Some other memorable Voyage episodes from the second season in this set, and volume 2, include the poorly-titled "Monster from Outer Space." This was the first appearance of a rather silly-looking inflated alien (reused in another episode later on.) This was also the first time an alien took over the consciousness of the entire crew (with the usual exception of either Nelson or Crane who must defeat them alone.) This plotline was used ad nauseum in seasons 3 and 4. There was also "Terror on Dinsaur Island," a much better episode than the first season's "Turn Back the Clock," (75% of which was taken from the Irwin Allen film "The Lost World.") I also liked "Killers of the Deep," guest-starring the great Michael Ansara, a reworking of the WWII film "The Enemy Below" with much of the footage taken from that 20th. Century Fox Film (like "The Lost World" also co-starring David Hedison.") "The Skys on Fire" is a reworking of the original Voyage film from 1961. I also enjoy "Dead Men's Doubloons," a guilty-pleasure with Albert Salmi as the leader of a spy-ring who believe they are reincarnated pirates. Finally, there is "The Mechanical Man" with James Darren as one very nasty android. (Darren would star in Irwin Allen's "The Time Tunnel" the following season.")

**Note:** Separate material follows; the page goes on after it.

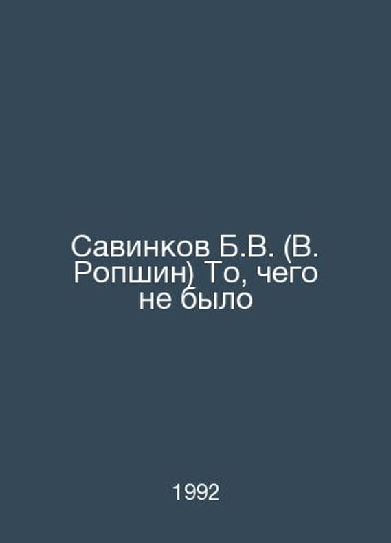 Savinkov B.V. (V. Ropshin) What Wasnt In Russian /Savinkov B.V. (V. Ropshin) To, chego ne bylo Novels, short stories, essays, poems by M Sovremennik 1992.Contact us for details or to request photos of available books. Delivery of this book could take longer than normal due to additional handling time before shipping, and no rush delivery options are available. Please let us know if you have a specific date by which you need to receive your order.SKUalb15497d9d8afbca7e

There are many other enjoyabe episodes, but these are some of my favorites. As stated previously, it was a very nice combination of sci. fi. and Bond-like adventures. If only it had stayed that way. However like Allen's other series and other tv shows of the time like Man from U.N.C.L.E., the show started serious and than gravitated into silliness as time went on. Season 2 was the high-point of Voyage. However no matter how silly it got, the excellent acting of Richard Basehart and David Hedison and the seriousness with which they played their roles always made it enjoyabe to watch.